We read in our new data set EDU01b.csv
and save it to
another variable.
EDU01b <- read_csv("https://www4.stat.ncsu.edu/~online/datasets/EDU01b.csv")
We combine steps 1 and 2 to create translong()
function.
This function takes any data sets that we call using
transLong(DF)
to select columns - area_name, STCOU, and any
columns ending in D and transforms the data from wide to long. The
function also has an optional argument named colName to allow the user
to specify the name of the column representing the value.
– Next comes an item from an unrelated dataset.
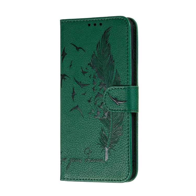 Estuche de Cuero para LG K61 con Tapa Horizontal, Textura Litchi, Diseño Plumas, Billetera y Soporte (Verde)
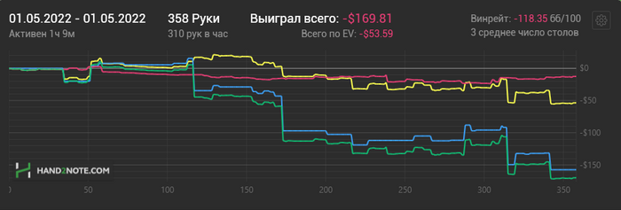 Пока всё так, за последние 5к рук все эмоции прочувствовал) уже скоро 2 месяца пройдет, а у меня дистанции на 1 месяц.Посты графиков и мб раздач буду регулярно выставлять( Всем мира и приятного аппетита! pohuy.

We can call
the function as either transLong(DF)
or
transLong(DF, "Your_Name")
transLong <- function(DF, colName = 'Public_School'){
DF <- DF %>%
select(Area_name, STCOU, ends_with('D')) %>%
rename('area_name' = Area_name) %>%
pivot_longer(cols = 3:12,
names_to = 'enrollment',
values_to = 'value')
invisible(DF)
return(DF)
}
We create parseMe()
function from step 3. This function
takes any data sets that we call using parseMe(DF)
to
create class, measure, and year columns.
parseMe <- function(DF){
DF <- DF %>% mutate(class = ifelse(grepl(pattern = ', \\w\\w',
DF$area_name),'state' ,'county'))
DF <-DF %>% mutate(yearT = (substr(DF$enrollment, 8,9)),
measure = substr(DF$enrollment,1,7))
DF <- DF %>% mutate(year = as.numeric(format(as.Date(yearT, '%y'),'%Y')))
invisible(DF)
return(DF)
}
We create divisionCounty()
function from step 5. This
function takes any county level data sets that we call using
divisionCounty(DF)
to create division column by subsetting
the state’s initials from the area_name.
divisionCounty <- function(DF){
DF <- DF %>%
mutate(division = substr(DF$area_name,(nchar(DF$area_name)-2),
nchar(DF$area_name)))
return(DF)
}
We create divisionState()
function from step 6. This
function takes any state level data sets that we call using
divisionState(DF)
to create division column by determining
its region of the country.
divisionState <- function(DF){
DF <- DF %>%
mutate(division = if_else(area_name %in% c('CONNECTICUT', 'MAINE', 'MASSACHUSETTS',
'NEW HAMPSHIRE', 'RHODE ISLAND', 'VERMONT'),'1',
if_else(area_name %in% c('NEW JERSEY', 'NEW YORK','PENNSYLVANIA'),'2',
if_else(area_name %in% c('ILLINOIS', 'INDIANA', 'MICHIGAN', 'OHIO',
'WISCONSIN'),'3',
if_else(area_name %in% c('IOWA', 'KANSAS', 'MINNESOTA', 'MISSOURI',
'NEBRASKA', 'NORTH DAKOTA','SOUTH DAKOTA'),'4',
if_else(area_name %in% c('DELAWARE', 'FLORIDA', 'GEORGIA', 'MARYLAND',
'NORTH CAROLINA', 'SOUTH CAROLINA', 'VIRGINIA',
'WASHINGTON, D.C.','WEST VIRGINIA',
'Washington, D.C.', 'DISTRICT OF COLUMBIA',
'District of Columbia'),'5',
if_else(area_name %in% c('ALABAMA', 'KENTUCKY', 'MISSISSIPPI',
'TENNESSEE'),'6',
if_else(area_name %in% c('ARKANSAS', 'LOUISIANA', 'OKLAHOMA',
'TEXAS'),'7',
if_else(area_name %in% c('ARIZONA', 'COLORADO', 'IDAHO',
'MONTANA', 'NEVADA', 'NEW MEXICO', 'UTAH', 'WYOMING')
,'8',
if_else(area_name %in% c('ALASKA', 'CALIFORNIA', 'HAWAII',
'OREGON', 'WASHINGTON'),'9', 'ERROR'))))))))))
return(DF)
}
This function completes step 4 by creating our two data sets - county
and state. First, We pass the result (DF) from parseMe()
to
createDFs()
function. Afterwards, we call
divisionState(DF)
and divisionCounty()
to
complete the division columns separately for both data sets. Normally
throughout this process, we are returning one DF. This function is
returning two DFs (county and state) in the form of a list.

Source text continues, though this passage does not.